After the 1999 Columbine High School massacre in Colorado, during which two students murdered 12 classmates and one teacher, many schools adopted a zero-tolerance policy and suspend or even expel students who show troubling signs or behave in ways that might be considered threatening. These types of guidelines “look good on paper but don’t actually make schools safer,” Randazzo says. “If a friend knows about something but they know that telling will get [the troubled student] expelled, they won’t tell. If they have a safe space, they’re more likely to come out. We’ve seen a sea change over the past 10 years or so, in that students now know that they’re able to bring things like that to the school’s attention.”
And increasingly, this information can be traced not only to academics in labs but also to advisors at private enterprises such as SIGMA Threat Management Associates, a consulting practice founded in 2010 that initially focused on college threat assessments. Its mission has since expanded to include consultations for workplaces, government agencies, and high-profile families. According to Randazzo, the employees come from a broad range of backgrounds including K–12 and higher-education settings, workplace-violence-prevention teams, and the military. “One of our team members just retired from NCIS [the Naval Criminal Investigative Service], where she oversaw their threat management operations,” she says. “We have folks who have backgrounds in federal law enforcement, clinical psychology, education, policy, organizational dynamics, and legal expertise.”

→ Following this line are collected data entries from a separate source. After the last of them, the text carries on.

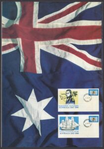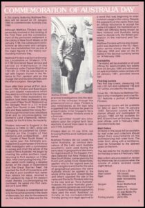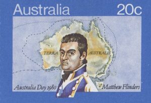 A 20c stamp featuring Matthew Flinders will be issued on 23 January 1980 to commemorate Australia Day 1980.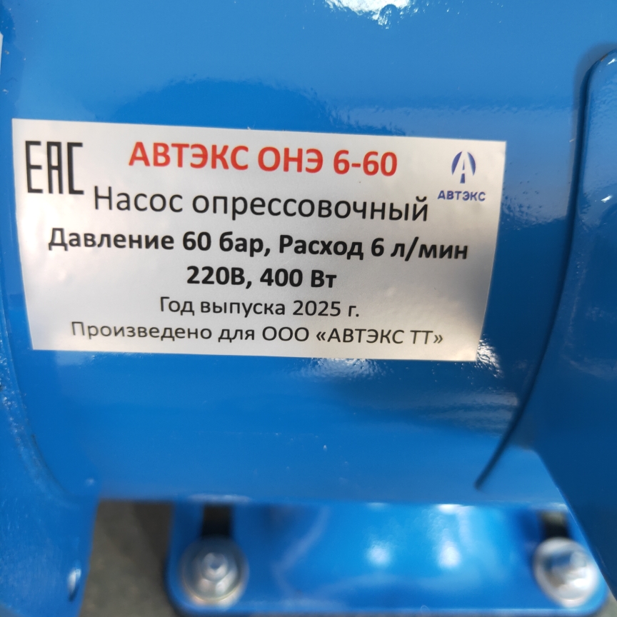 - Насос испытательный электрический «АВТЭКС» ОНЭ-6-60 в сборе;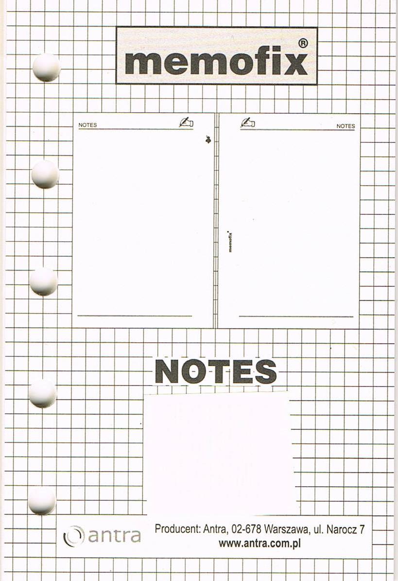 wkład do organizerów M (mini) A7 wymiary: 105x68 mm, kolor kartek: ecru, ilość kartek: 20 szt. ilość dziurek: 5 szt.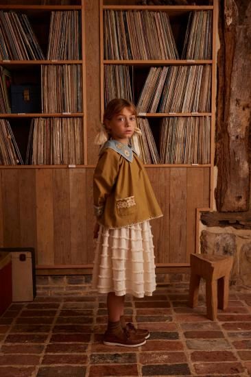 オペラカラー風の襟元、パッチポケット、袖口には美しいコントラスト刺繍が施され、Apolinaの特徴的なハンドクロシェステッチで丁寧に仕上げられています◇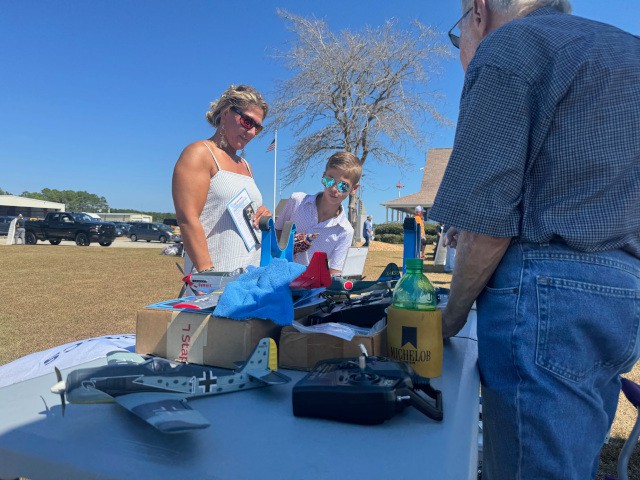 Grant Dick, Virgil Kee, and Robert Yanacek participated at the Victory Day Celebration at the Manteo Airport informing the public about our club, its activities, and the hobby of radio control model aviation.

When assessing threats of any kind, the power of psychological science cannot be overstated, Randazzo adds.
“What [threat management agencies] are focusing on so much is human behavior, so to have people who are experts and can further study [these phenomena] helps enhance [our] understanding of why things might happen,” she says. “Behavioral and psychological science in that setting is critical, because so much of what we can do as psychological scientists is study why people do what they do.”